Elliston & Cavell Ltd
- Company type: Subsidiary (1953–1973)
- Industry: Retailing
- Founded: 1835; 191 years ago
- Founders: Michael Stratton and Barrie Stuart Trinder
- Defunct: 1973; 53 years ago
- Fate: Re-branded as Debenhams
- Successor: Debenhams
- Headquarters: Oxford, England
- Products: Clothing and Department
- Revenue: See parent company
- Net income: See parent company
- Parent: Debenhams plc (1953–present)

= Elliston & Cavell =

Former department store in Oxford

Elliston & Cavell was for many years the leading department store in Oxford, England. The store was located on the west side of Magdalen Street in central Oxford. The shop stocked uniforms for local schools such as the Dragon School.

== History ==

Jesse Elliston originally owned a draper's shop opposite St Mary Magdalen Church in Oxford. On 9 April 1835, at the age of 22, John Cavell married Sarah Elliston, the sister of Jesse at St John Baptist Church in Summertown, Oxford. Elliston made Cavell a partner in celebration of the marriage. Thereafter, the shop became known as Elliston & Cavell. In 1853, Jesse Elliston was found dead on his walk home from work at the age of 47, while Sarah Elliston died in 1856.

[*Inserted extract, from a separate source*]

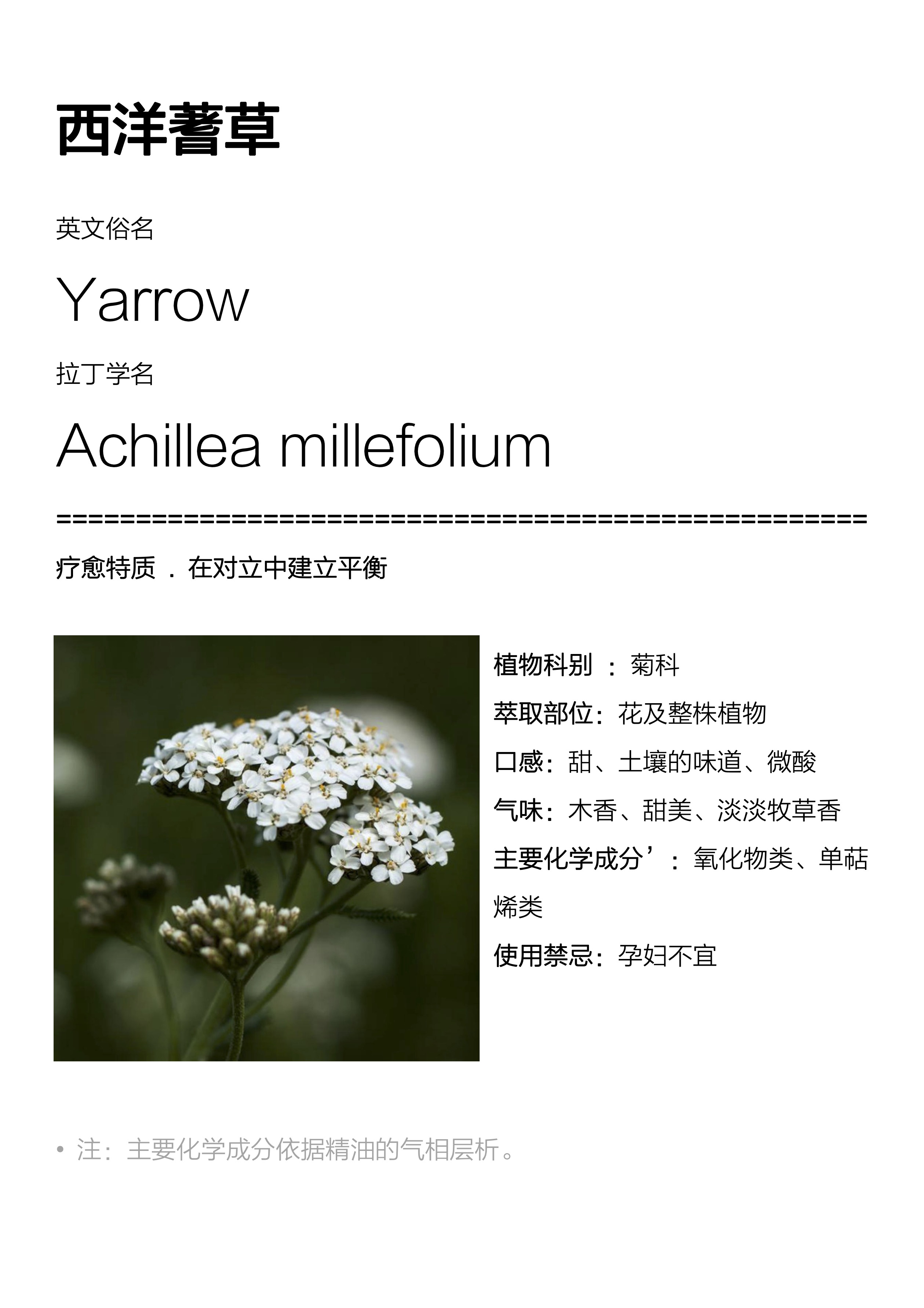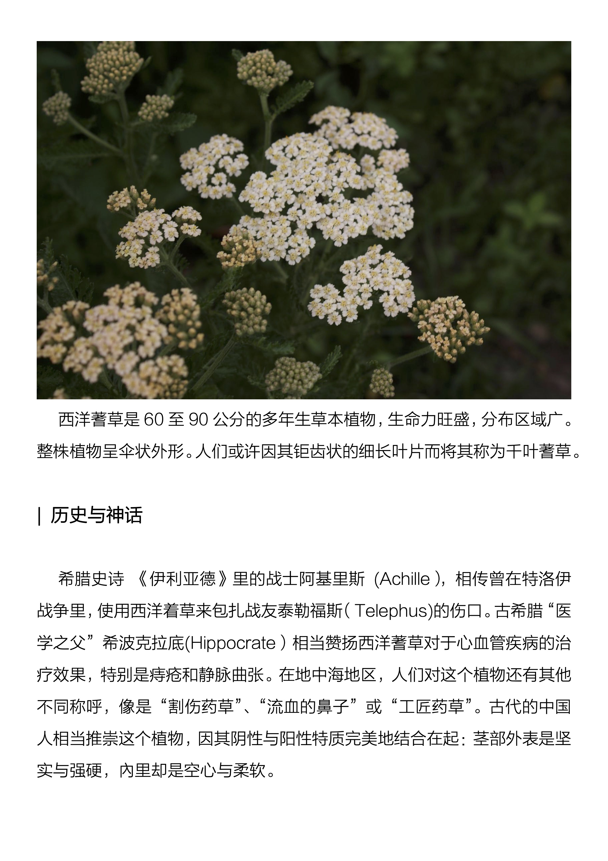 西洋蓍草,学名Achillea millefolium,这种植物属于菊科,是一种生命力旺盛的多年生草本植物。希腊史诗《伊利亚德》里的战士阿基里斯 (Achille),相传曾在特洛伊战争里,使用西洋蓍草来包扎战友泰勒福斯( Telephus)的伤口。古希腊“医学之父” 希波克拉底(Hiopocrate)相当赞扬西洋蓍草对于心血管疾病的治疗效果,特别是痔疮和静脉曲张。在地中海地区,人们对这个植物还有其他不同称呼,像是“割伤药草”、“流血的鼻子”或“工匠药草”。在我国古代,因其阴性与阳性特质完美地结合,亦相当受人推崇。西洋蓍草精露是从西洋蓍草的花和整株植物中萃取出来的。它的主要成分包括氧化物类和单萜烯类,不仅赋予了它独特的香气,还拥有了强大的疗愈特性。
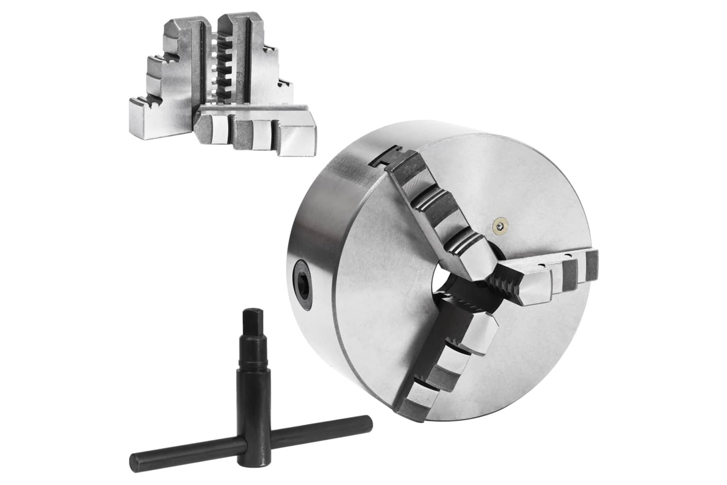 It is made of high-quality steel with high hardness and wear-resistance, making it strong and durable. This chuck is with 3 jaw design, self-centring, compact size and easy to use.

In 1861, James Cavell married his widowed sister-in-law Harriet Delf (nee Elliston); they lived above the premises at 12 Magdalen Street. James Cavell was made Mayor of Oxford for the first time in 1865 and was the Chairman of the Oxford Building & Investments Company until 1882, but died aged 74 in 1887.

The original store was demolished in 1894 to make way for the current building. It eventually became the largest department store in Oxford. The store was lavishly decorated with a sweeping staircase and a bakelite mural depicting deer in a forest glade. The ladies' powder room had basins in the shape of marble swans with gold taps, with ladies in black uniform providing dry towels.

The shop was taken over by Debenhams in 1953, but the original name was retained until 1973. The building formed part of the Debenhams store until its administration in 2020.